Protocol of the Session on May 27, 2005

Herr Präsident! Meine sehr geehrten Damen und Herren! Mit der geplanten Fusion der Landesversicherungsanstalten Sachsen, Sachsen-Anhalt und Thüringen soll tatsächlich ein weiterer Schritt im Rahmen der Initiative Mitteldeutschland Gestalt annehmen. Herr Bischoff bzw. Herr Rothe, Sie haben ja mit Ihrem Zwischenruf und auch mit Ihrem Redebeitrag genau das ein wenig in Frage zu stellen versucht. Ich denke, dieser Tagesordnungspunkt zu den Landesversicherungsanstalten und zur Fusion macht noch einmal deutlich, dass es letztendlich darum geht, hierbei ganz konkret die Interessen des Landes Sachsen-Anhalt zu vertreten.

(Zustimmung bei der CDU und von Herrn Kos- mehl, FDP)

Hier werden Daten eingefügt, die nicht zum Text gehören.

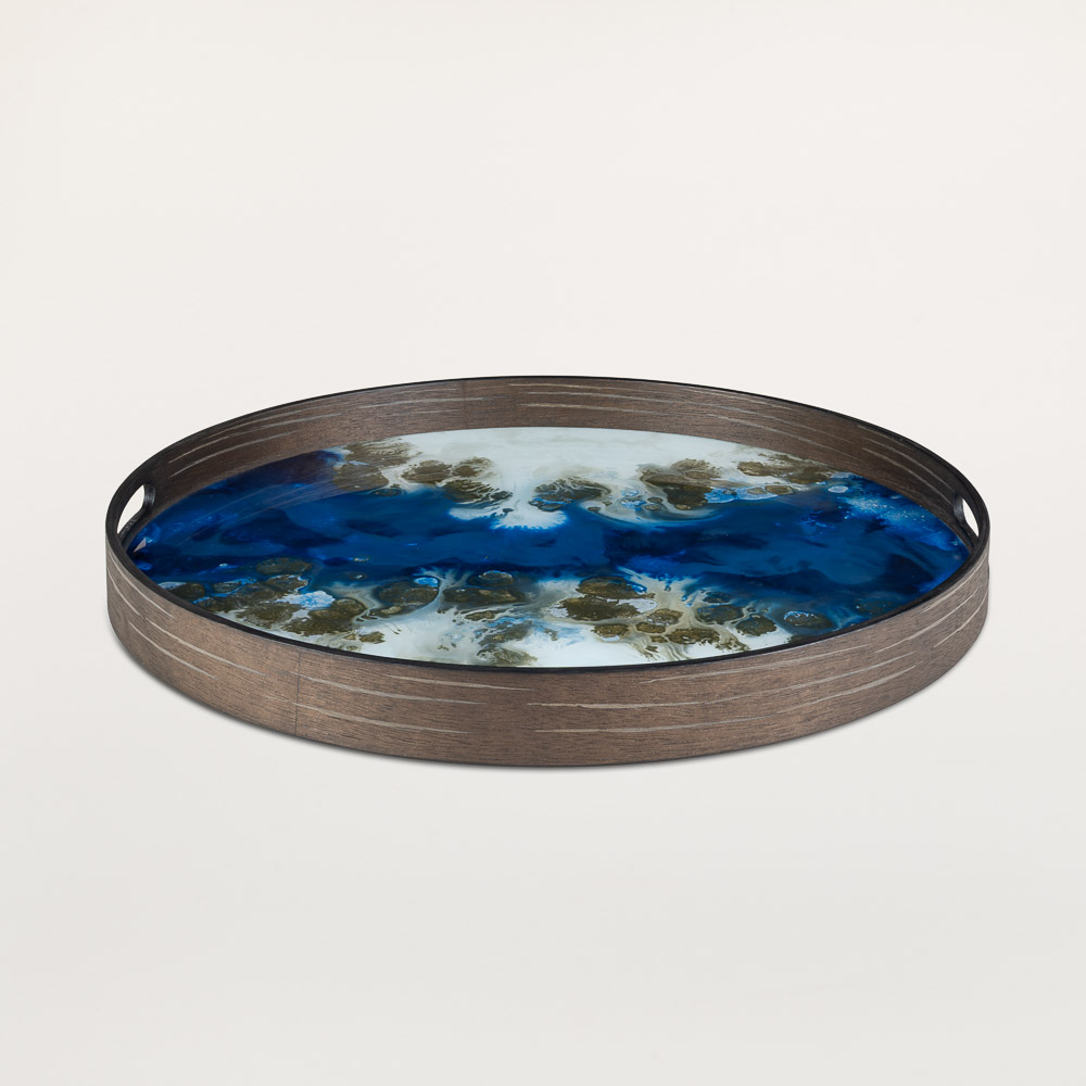 Ethnicraft presents their full-sized Arctica coffee bar tray, featuring a hand-painted design of ice caps with iridescent gold and silver highlights. A dark wood border frames the design under a smooth glass surface calling attention to any table or countertop. The size is generous enough to handle larger wares and accessories, conveniently accommodating full coffee bar arrangements and entertaining larger parties.

Eine Fusion heißt deshalb Fusion, weil sich die Partner gemeinschaftlich zusammenfinden, um am Ende sozusagen für jeden eine Win-win-Situation zu haben. Der andere Begriff dagegen wäre eine „Übernahme“. Davon wollen wir an dieser Stelle nicht sprechen.

Wir hatten im Frühjahr des letzten Jahres einen Antrag aus der SPD-Fraktion, in dem es um die Frage des Hauptsitzes ging. Damals waren wir uns in der Debatte so einig, dass Sie eine auf den Punkt gebrachte Einbringung hier gesprochen haben, der Minister seine Rede zur Protokoll gegeben hat und wahrscheinlich die Mehrheit des Hohen Hauses den Inhalt dessen, was damals schon bekannt und an Initiativen in Angriff genommen war, gar nicht so bewusst zur Kenntnis genommen hat. Schon damals hat nämlich der Minister darauf hingewiesen, dass über eine Bundesratsinitiative eine Intervention des Landes Sachsen-Anhalt im Vermittlungsausschuss dazu geführt hat, dass wir uns heute diesen Fragen überhaupt stellen können.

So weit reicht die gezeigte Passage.